Anyone have any ideas or insight into what might be going on?
There are no errors on the physical switch which these NIC's connect. I can't really narrow it down besides the difference between 3.5u3 and 4.0u1 as the 3.5 hosts ran fine with that setup but once I upgraded to 4.0u1 I started getting these errors. The IOS is 12.0(5) on a c3500xl.
even though there are no errors on the switch, here are the infos I forgot to attach yesterday.
Link-Flap error: Errdisable Port State Recovery on the Cisco IOS Platforms
The recommendation I found is to configure:
errdisable flap-setting cause link-flap max-flaps 10 time 20
Btw, is it new host hardware you are using? If so I could only think of some kind of portsecurity settings...
Sorry, I can't help you much more with this issue
Thanks for the help also just got off the phone with VMware support and might have actually done something useful and provided this KB - http://kb.vmware.com/selfservice/microsites/search.do?language=en_US&cmd=displayKC&externalId=100954... which looks like it might have solved the issue. Kind of points to a VIC / GUI issue with configuring if the "fix" is to assign the vmnics via Console shrug We're waiting to see if it triggers another alarm in the next couple hours.

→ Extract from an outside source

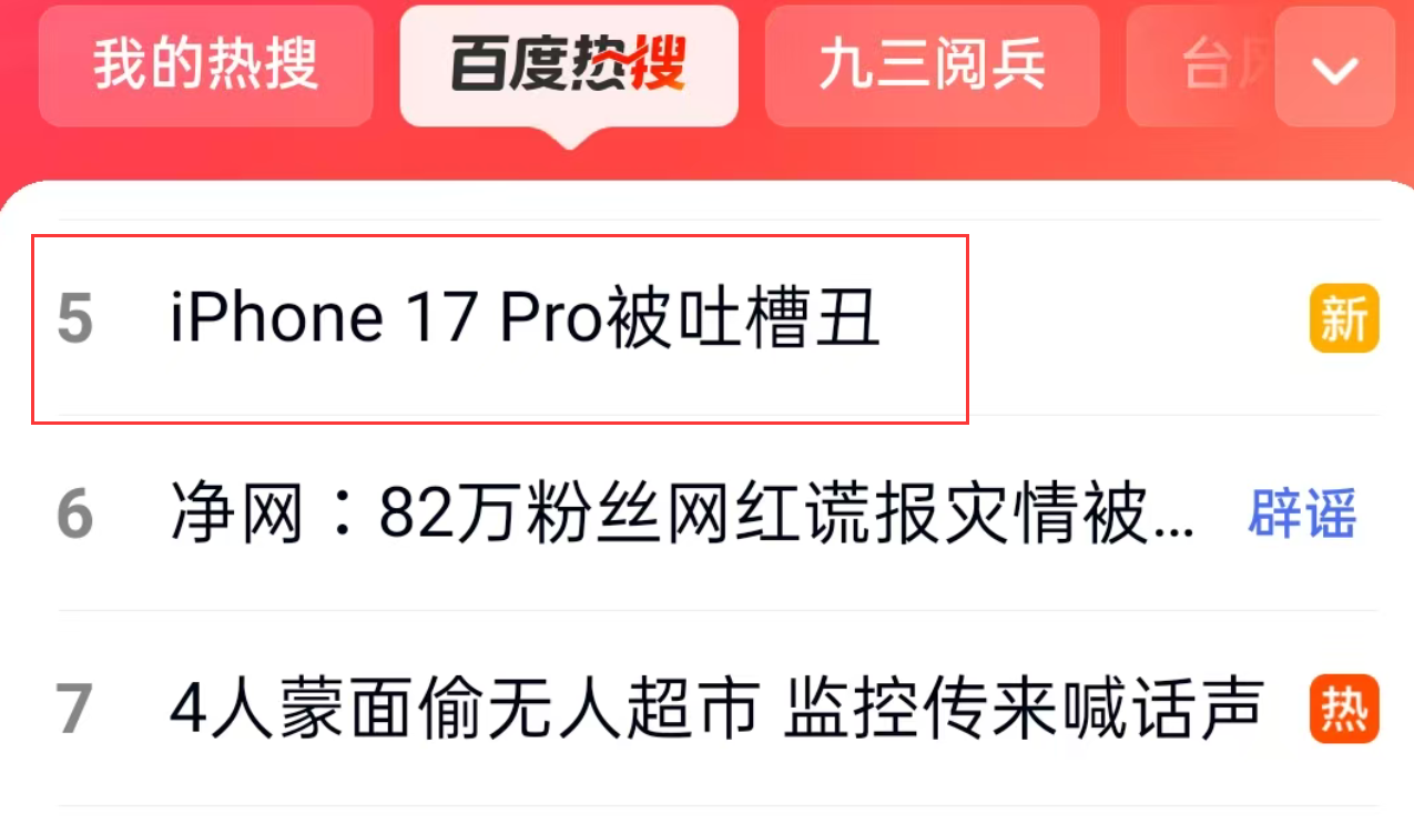 “iPhone 17 Pro被吐槽丑”沖上百度熱搜

After going back and forth with VMware support and them basically trying to blame hardware issue for 2+ weeks, they think its something to do with ESX4 and how it interacts with the 100/full switch so instead of trying to muck around with support and getting the alarms to go away, we just bought a cheap-ish gig switch to handle that vSwitch connections. Should fix it, not what we had in mind but it'll work.